Why did you name your practice “Bold Questions”?

The quality of our lives is shaped by the quality of our decisions, and our decisions are shaped by the quality of the questions we’re willing to ask ourselves. 

I call my practice “Bold Questions” because it speaks to what I’m here to do: not just to sit with the questions and quandaries my clients bring me, but to ask you questions that—just maybe—you’ve never been asked before. Asking the right questions is the key to uncovering your truths, getting to the root of the situation, and understanding your thoughts, patterns, and actions more fully. Asking the right questions helps my clients change the direction of their lives and relationships in a really great way, and it just might help you too. 

What does “bold” mean to you?

Boldness is being fully awake, alert, and oriented to your own life.
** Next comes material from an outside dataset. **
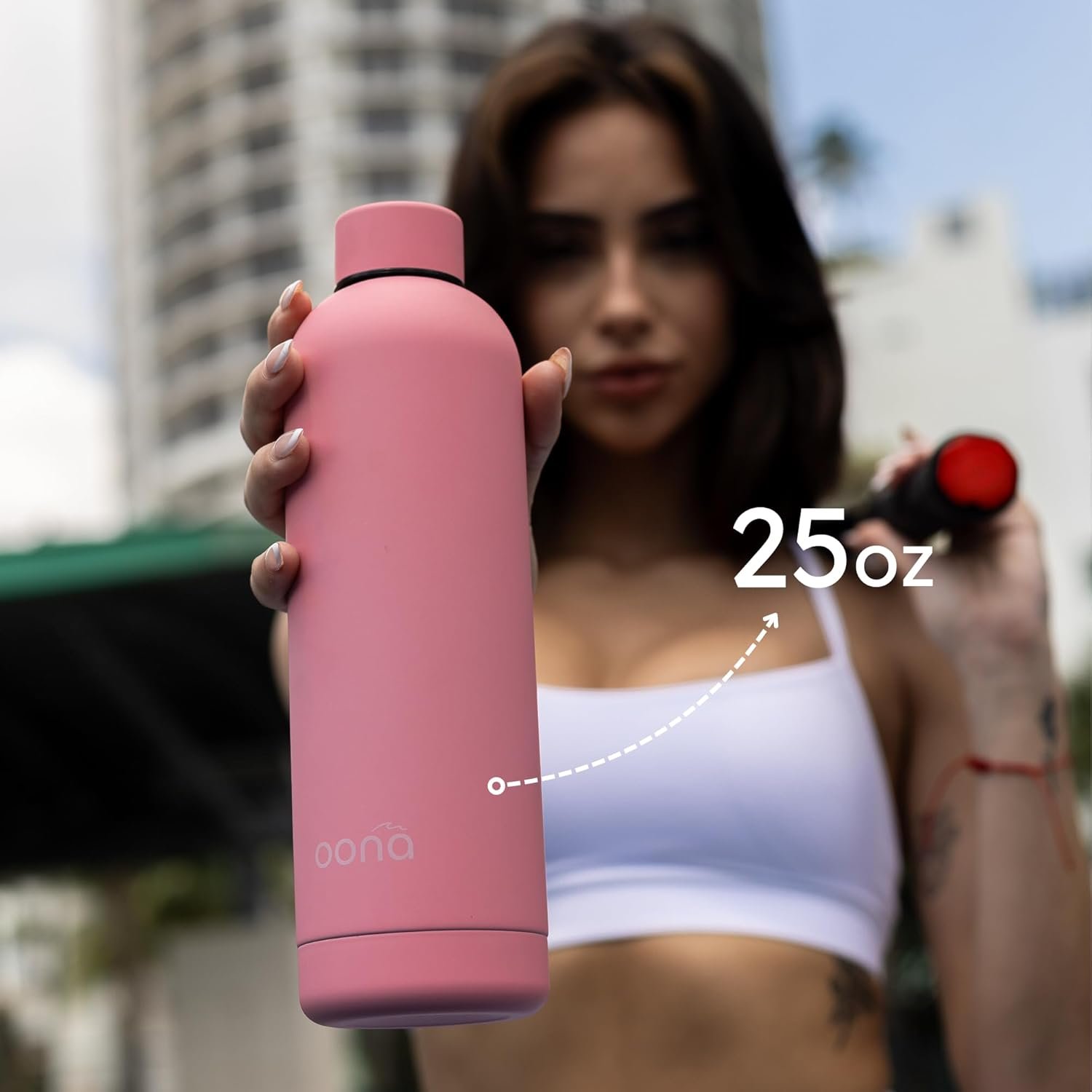 Charming Design: The OONA reusable water bottle comes in an array of colors, each with a matte powder coat finish, offering a chic look to match your personal style.

Boldness is being confident and courageous enough to ask questions about your own experience, life, and world.

Where does boldness come from? I think the source of boldness is attention.

If you decide (and many of us haven’t) that you are worth your own time, you slow down and notice what’s actually going on for you.  When you pay careful attention to your own experience, you just might notice a detail, feeling, or action for the first time. The more you notice, the more curious and interested you become; the more curious you become, the greater chance you’ll have some questions.
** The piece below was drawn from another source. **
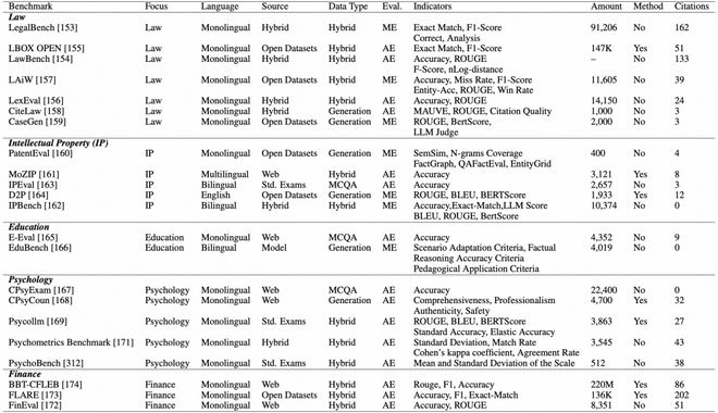 社会科学作为最以人为中心的领域之一,在这一背景下显得尤为重要。一个关键问题是,LLM 能否在法律、知识产权、教育、心理学和金融等领域有效应对现实世界的挑战。所有人文与社会科学领域都高度适用于现实场景。其中的最大挑战之一,是如何科学评估 LLM 在这些领域的知识水平,这涉及定义合适的任务、构建相关的数据集,以及选择适当的评估方法。

We pay attention, notice, and ask: this process reflects our willingness to be active participants, rather than passive bystanders, in our own lives. Pay attention to yourself*, and bold questions will follow.

Ask bold questions, and your self-awareness and curiosity are heightened.
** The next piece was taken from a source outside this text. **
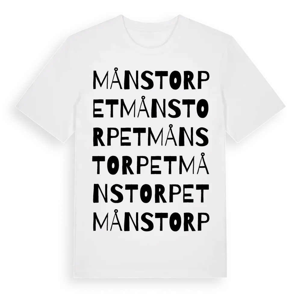 Månstorpet ordlek t-shirt är inspirerad av Månstorpet i Kalmar län, Sverige. Tröjan är designad för dig som har en speciell koppling till platsen – oavsett om du bor här, har rötterna här eller bara älskar Månstorpet.

*For those of you thinking, “Paying lots of attention to myself sounds selfish,” a few bold questions for you: Is being selfish wrong? If you’re not paying any attention to yourself, who or what is receiving your attention? Do you believe that you can’t pay attention to yourself and other people at the same time?

How do I know you’re the right therapist for me?

This is a deeply personal question that I won’t be able to answer for you, but I can say that if you want a therapist who is just going to listen and nod along, I’m not who you’re looking for. I’m an active participant in your therapy. I'll share my perspective based on my clinical experience and I'll invite you to consider questions and points of view you may have never considered before.  I’ll be curious to understand how you tick and to help you understand yourself better. And I’ll metaphorically hold your hand as we take this journey to your best self together. 

I’ll also say that the clients who decided I’m the right therapist are usually still a bit hesitant, but on some level know that asking questions is an important key to get where they want to go, and to get what they want out of life. The clients who decide to stay aren’t unafraid, but they know that I can help them and they are tired of staying where they are.